By Carmit Madar –
Tazpit News Agency –
On the Syrian side of the border an intense civil war is being waged. On the Israeli side the summer and vacation season has commenced in its full splendor. The Israeli-Syrian border has been the most peaceful for decades, but over the past two years there have been some incidents of the Syrian war spilling into the Israeli side. Israel has boosted its forces in the Golan and has renovated the security fence. The IDF is monitoring the events on the other side, keeping track of the various fighting factions.
Dalya Amos, spokeswoman for the Golan Regional Council, explained to Tazpit News Agency about the constantly developing security situation and its implications on life in the Golan. She points out that Assad still has control of most of central areas in Syria, and is organized for long term warfare. The rebels are a diverse group with no central leadership or combined strategic plans. They collaborate on a local and limited basis. The Kunetra passage, the only border crossing between Israel and Syria is of strategic importance to Assad because of the alleged connection it signifies to the Druze of the Golan, and therefore he has been fighting vigorously for control of the area.

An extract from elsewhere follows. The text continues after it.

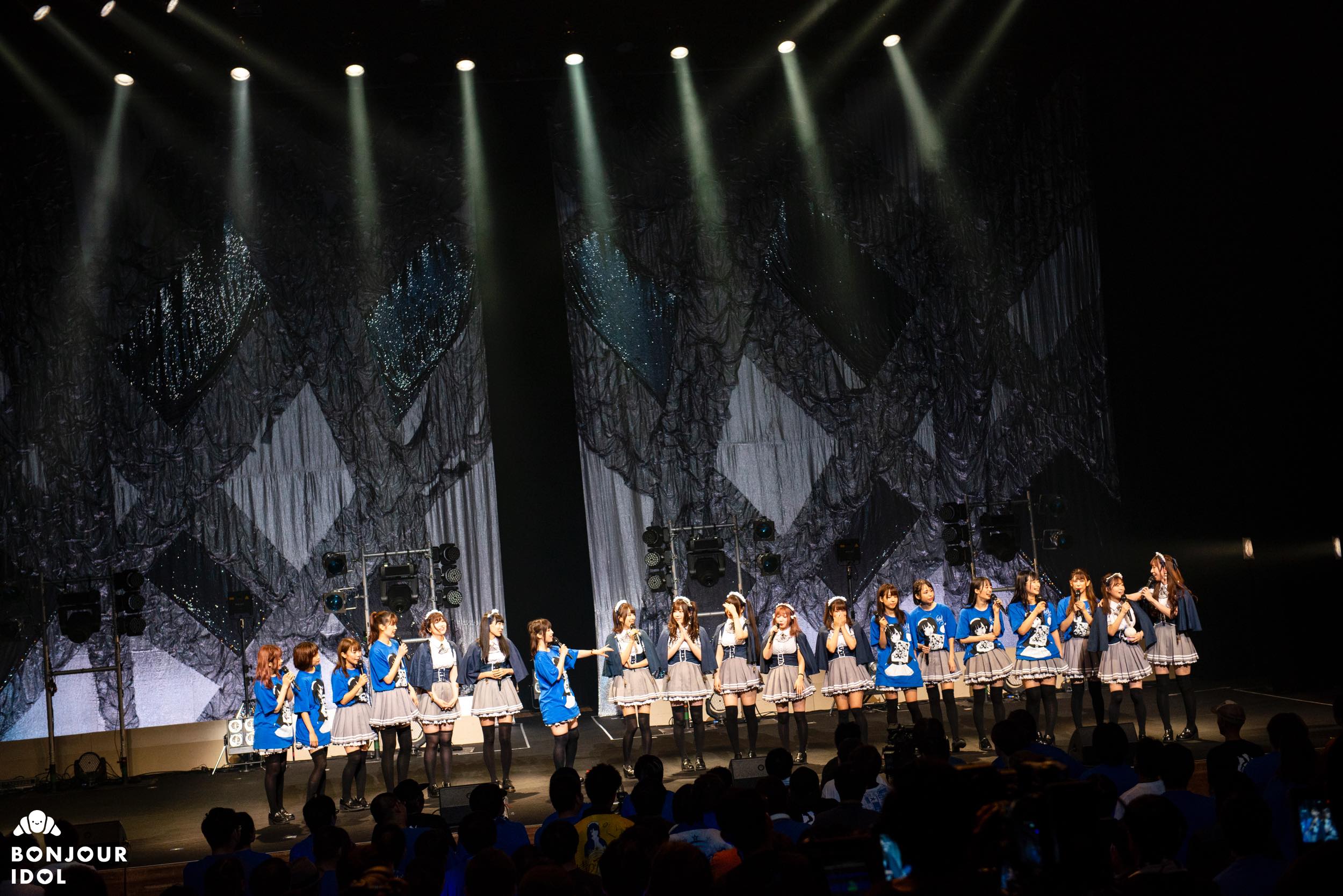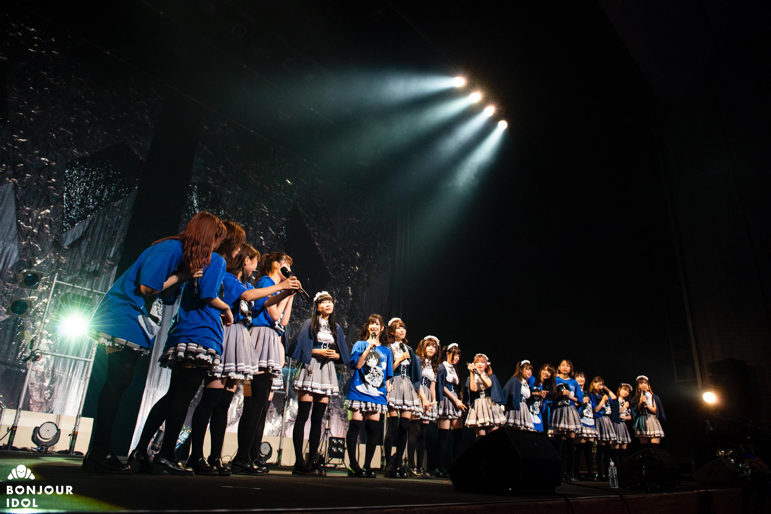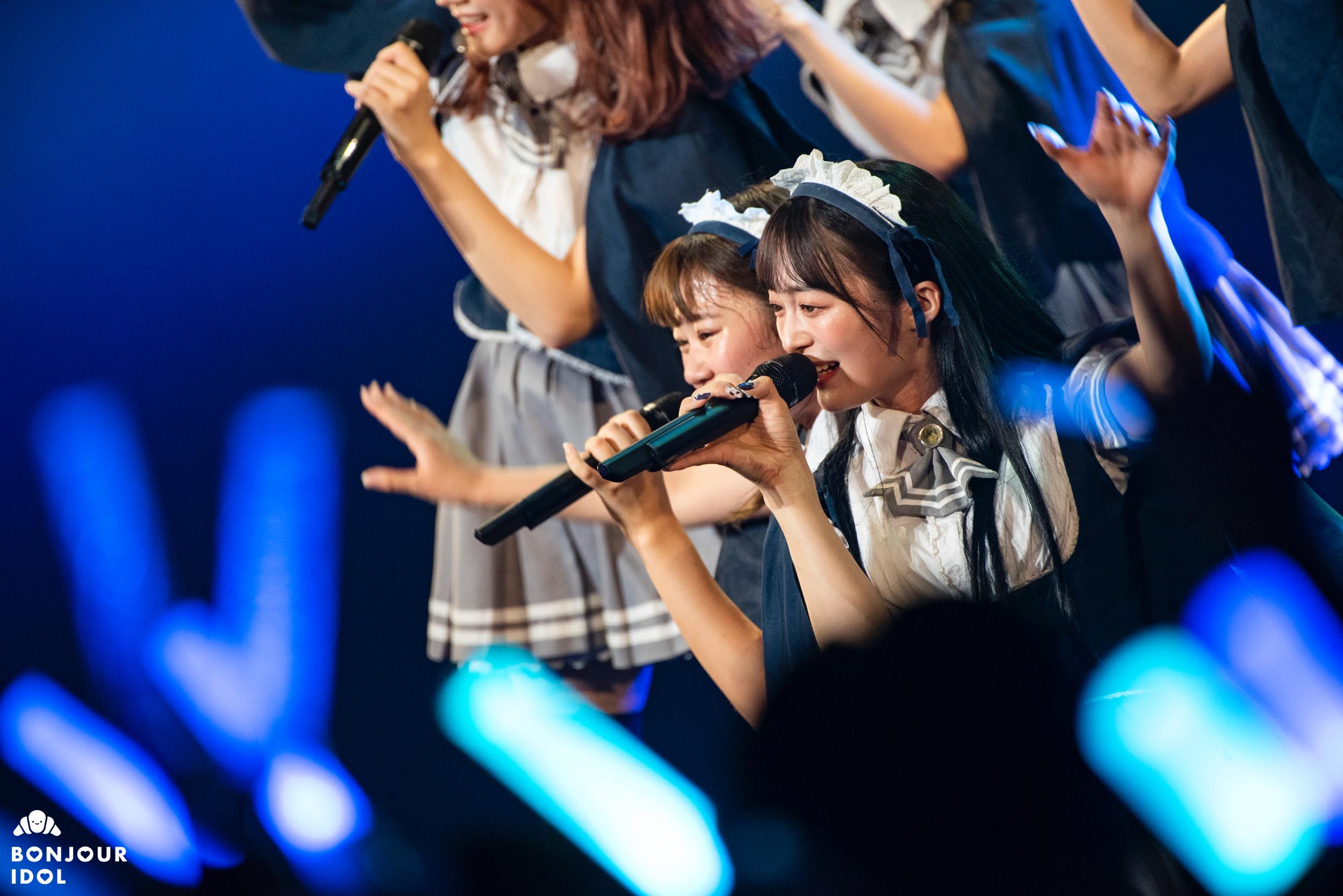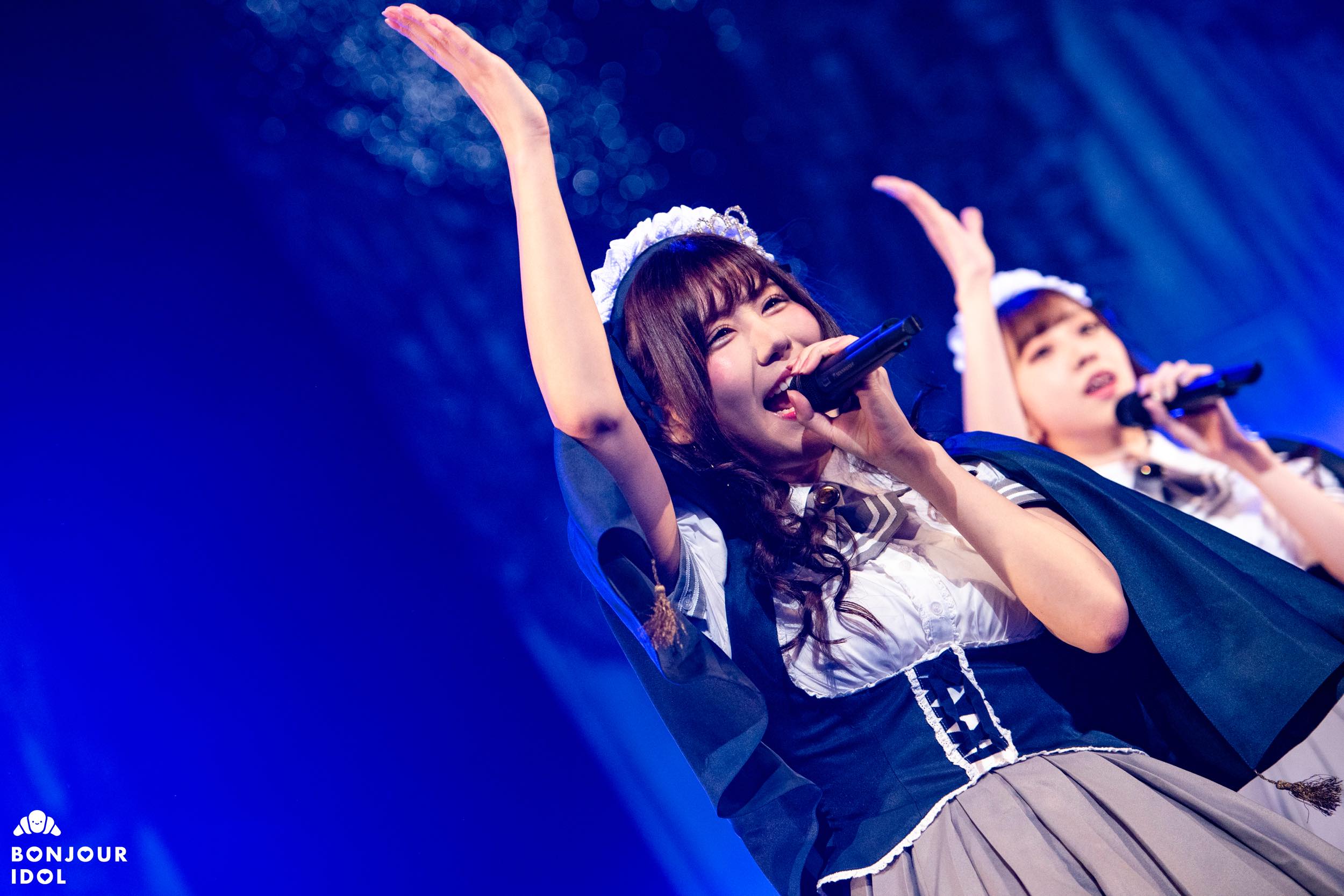 The former members then gave the stage back to their juniors of Junjou no Afilia, and the concert found itself back on a more usual track, lining up songs at an impressive rate. “Mahou no Chocolate Densetsu”, “JUICY☆GIRL”, until the newest “Junjou Myself” during which the members went down in the audience to greet their fans from up close and “Suki wa Muteki”, created a marathon of crazy upbeat and catchy tracks that turned the entire theater in a giant party as the colorful laser lights were scanning the fans. We also were able to spot the younger members of Iketeru Hearts strongly shaking blue glowsticks, screaming their senior’s name (and their producer’s, former Afilia Saga member Yukafin) for her final performance.

The fighting does, rarely, affect life in the Golan. During one of the battles in the Kunetra area a part of the Golan was shut down for a few hours. Amos stresses that the affect of the war is primarily one of public relations. Israelis follow the news and are frightened by it, but the residents of the Golan carry on with their lives, experiencing the wonders of summer in the Golan. Yesterday some 25 mortars fell in the Golan. The IDF’s instructions were to continue on as usual. During my visit in the Golan last week a mortar shell exploded on the Syrian side, but no alarm was registered. A few moments later people were again relaxing. Together with this, one can sense that something has changed. There is a new sarcastic jargon. When talking about the berry picking, they related to it as an ‘explosive crop’.
Over the past decade the Golan Heights has gone through a process of relabeling and development, especially in the sphere of tourism. Its residents carry on with their daily routine, with the knowledge that things can change drastically. There is awareness about the shaky situation and preparations have been made for an event of the security situation deteriorating.
The question remains – does the opening of the new Volcanic park, a geological site at the base of a thousand–year-old volcano, signify a new chapter in the Golan’s stormy chronicles, or does it signify a calming and cooling down? Time will tell.